Data entries:
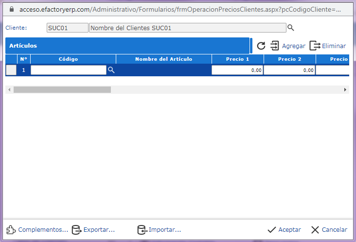 Para establecer los precios por cliente en eFactory, es necesario primero buscar al cliente y luego asignar todos los precios de los artículos a ese cliente, pero el sistema no cuenta con un
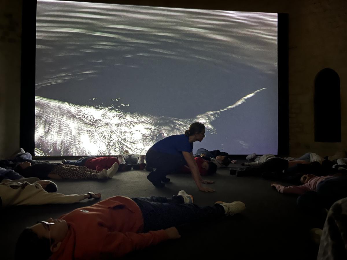 L’œuvre de Tania Mouraud Ad Infinitum, exposée à la tour de la Chaîne**, a constitué le point de départ de ce projet. Cette vidéo, qui capte les mouvements amples des baleines apprenant à leurs petits à nager contre le courant pour rejoindre les côtes de l’Alaska, offre un matériau sensible et poétique pour initier une réflexion artistique, corporelle et sensorielle. Accompagné·e·s par Clémentine et Églantine Bart, les élèves ont été invités à explorer cette œuvre à travers le prisme du mouvement et de la mémoire des lieux patrimoniaux.
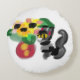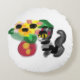 Black cat sunflowers rundes kissen
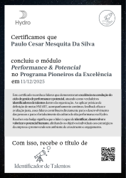 Esta badge reconhece líderes que demonstraram excelência na condução do ciclo de gestão de performance e potencial, atuando como verdadeiros identificadores de talentos dentro da organização. Ao aplicar práticas de definição de metas SMART, acompanhamento contínuo, feedback eficaz e avaliação justa, esses líderes contribuem diretamente para o desenvolvimento das pessoas e para o fortalecimento da cultura de alta performance na Hydro.
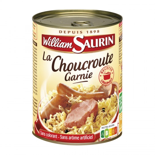 Choucroute garnie supérieure au vin blanc. Ingrédients : Choucroute 46% - viande de porc traitée en salaison et précuite 13,5% (viande de porc - eau...

**EXERCISE BRIEF**
The answer consists solely of the lines from the one holding "Black cat sunflowers rundes kissen" through the last line of the entries above, set down verbatim, without any pictures.

**ANSWER TO THIS TASK**
 Black cat sunflowers rundes kissen
 Esta badge reconhece líderes que demonstraram excelência na condução do ciclo de gestão de performance e potencial, atuando como verdadeiros identificadores de talentos dentro da organização. Ao aplicar práticas de definição de metas SMART, acompanhamento contínuo, feedback eficaz e avaliação justa, esses líderes contribuem diretamente para o desenvolvimento das pessoas e para o fortalecimento da cultura de alta performance na Hydro.
 Choucroute garnie supérieure au vin blanc. Ingrédients : Choucroute 46% - viande de porc traitée en salaison et précuite 13,5% (viande de porc - eau...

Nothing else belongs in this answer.